Chez 30 patients atteints d'athérosclérose (39,5%), la recherche de l'ADN
bactérien s'est révélée positive, alors qu'elle était négative chez les 11
patients en resténose (p=0,01). Par ailleurs, la présence de Chlamydia pneumoniae
était significativement corrélée aux antécédents coronariens familiaux, aux
antécédents personnels, au caractère symptomatique de la maladie, et au
nombre de vaisseaux atteints. Enfin, en analyse multivariée (âge, sexe, diabète,
HTA, hypercholestérolémie, tabac, histoire familiale, histoire personnelle, et
PCR), seule la PCR positive était corrélée positivement à la présence de
symptômes (p=0,021 ; OR=4,04), ainsi qu'à l'atteinte de plusieurs vaisseaux
(p=0,017 ; OR=3,67).Corrélation entre sévérité de la maladie et présence de
Chlamydia pneumoniae
PCR +
(n=30)
PCR -
(n=46)
p
Histoire personnelle (IDM = 1 mois, SCA, angine stable, revascularisation)
63,3%
28,3%
0,003
Symptômes
80%
56,5%
0,04
= 2 vaisseaux atteints
80%
52,2%
0,01
Présence de la bactérie sur 40 % des ballons utilisés pour angioplastie
primaire
Une revue de 43 études concernant des lésions analysées après chirurgie ou
autopsie, rapporte des taux des 24% d'infections mises en évidence par PCR, et
de 48% par immunohistochimie [3]. Compte tenu de la variabilité inhérente à
la technique de détection, le taux de 40% rapporté ici est donc compatible
avec les résultats antérieurs.
La présence de Chlamydia pneumoniae exclusivement dans les cas
d'athérosclérose primitive, et non dans la prolifération musculaire de la resténose, est
un argument en faveur d'un rôle causal - argument renforcé par la corrélation,
indépendante des autres facteurs de risque, entre sévérité de la maladie et
présence de la bactérie.
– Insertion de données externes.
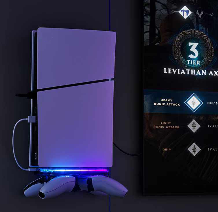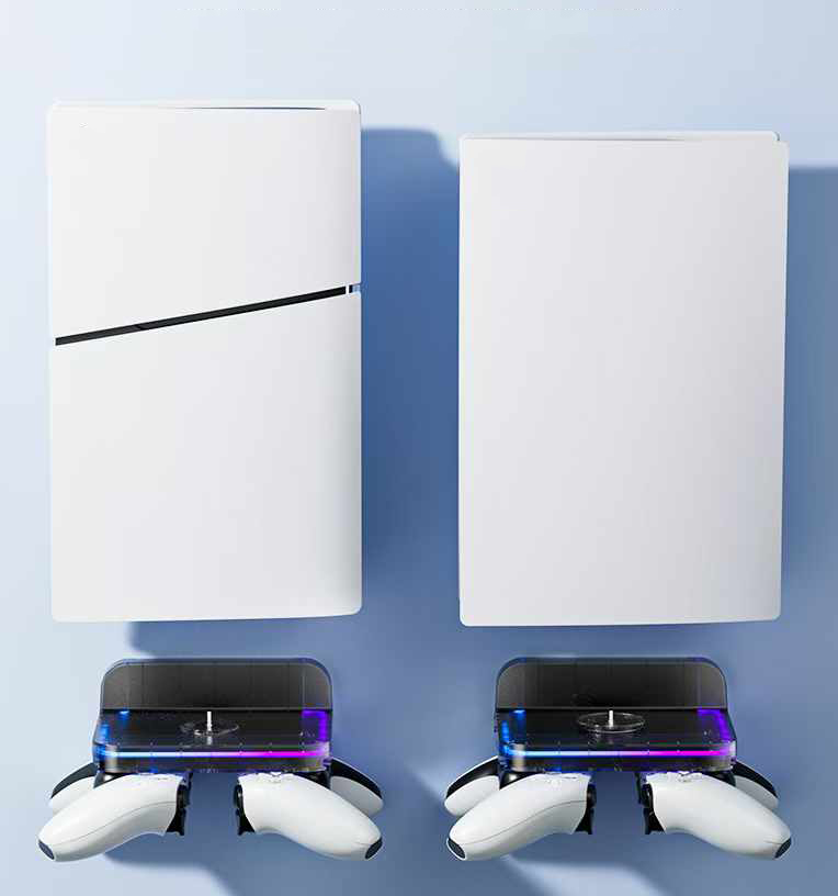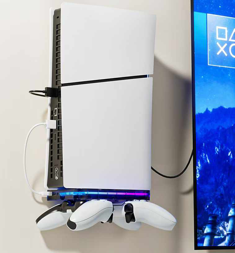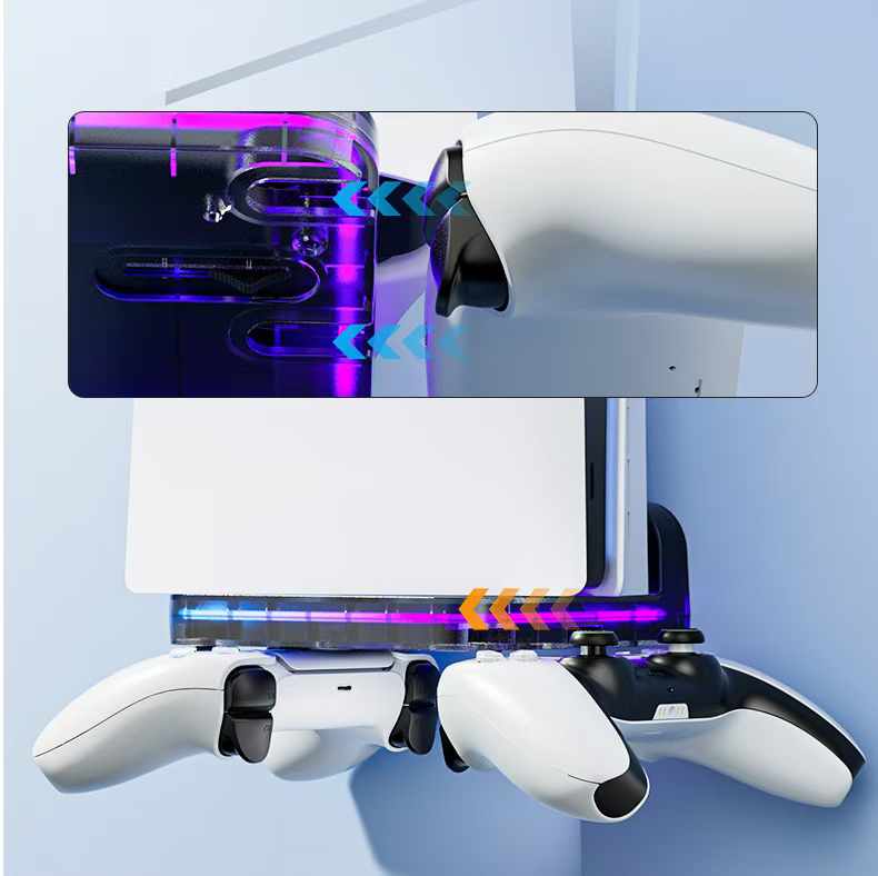 7. This hanger can not only be used to hang PS5 consoles, but the bottom of the bracket can also accommodate two PS5 handles, saving space with multiple uses.
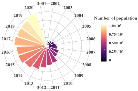 Based on the yield losses induced by CA from 2001 to 2020, we further analyzed the effects on per capita carrying capacity (Figure 14). Overall, the impacts displayed pronounced temporal dynamics, with an overall upward trend. From 2001 to 2005, per capita carrying capacity indicators (e.g., per capita grain availability) remained stable, rising from 0.0399 107 to 0.2041 107. During this stage, CA was limited in scale, exerting negligible effects on carrying capacity, and regional food supply was generally able to meet population demand.
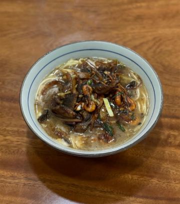 小辫子,面馆。 转塘“三面”,另有来翠、春雪。 长埭村,农民房负一楼,空间比寻常面馆大。上午刚十一点就已满座,据说一日要卖六七百碗面。 招牌是虾爆鳝,两物皆鲜美,至于野生不好说,加笋片蘑菇洋葱等爆炒,汤头浓郁,然镬气略逊于方老大。另点三样浇头,肚片、猪肝、田鸡,选料则有些问题。 到此,一吃。
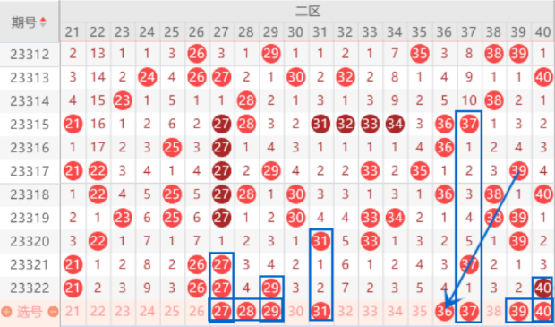 上期开出了26 27号数字的重号,本期我们要注意一下出一个三重的情况,本期的29号数字我们也是要注意出重的情况的,本期这里我们注意一下出现连号27 28 29号数字的情况。本期的31号数字我们可以关注一下,在尾数走势图上是非常好看的,本期出号机会也是有的。本期的35 36号数字我们要注意落下一个号码的情况,重点考虑一下36 37号数字同出的情况。本期的39号数字我们要关注一下,防守一下39 40号数字同出的情况。

La démonstration ne pourra toutefois être apportée
que par un suivi prospectif, et en définitive, un essai d'intervention. Le
rééxamen des dossiers des malades dilatés à l'Hôpital de la Pitié-Salpétrière
voici déjà trois ans, pourrait fournir des indications. Le Dr Wyplosz projette
d'ailleurs de procéder à ce travail. Plus généralement, toutefois, l'intérêt
du travail publié dans le JACC réside dans la technique elle-même, dont on
peut envisager l'utilisation prospective dans des études plus larges, pour
tenter de faire le lien entre infection et progression de la maladie, et/ou pour
cibler des essais d'intervention sur des patients infectés, à des stades
précoces de la maladie coronarienne.
Sources
1. Wyplosz B, Montalescot G, Subtil A et col. Correlation between
Chalmydia pneumoniae detection from coronary angioplasty balloons and
atherosclerosis severity. J Am Coll Cardiol 2006 ; 47(6) : 1229-31.
2. Andraws R, Berger JS, Brown DL. Effects of antibiotic therapy on
outcomes of patients with coronary artery disease : a meta-analysis of
randomized controlled trial. JAMA 2005 ; 293(21) : 2641-7.
3. Dowell SF, Peeling RW, Boman J et col. Standardizing Chlamydia
pneumoniae assays. Clin Infect Dis 2001 ; 33 : 492-503.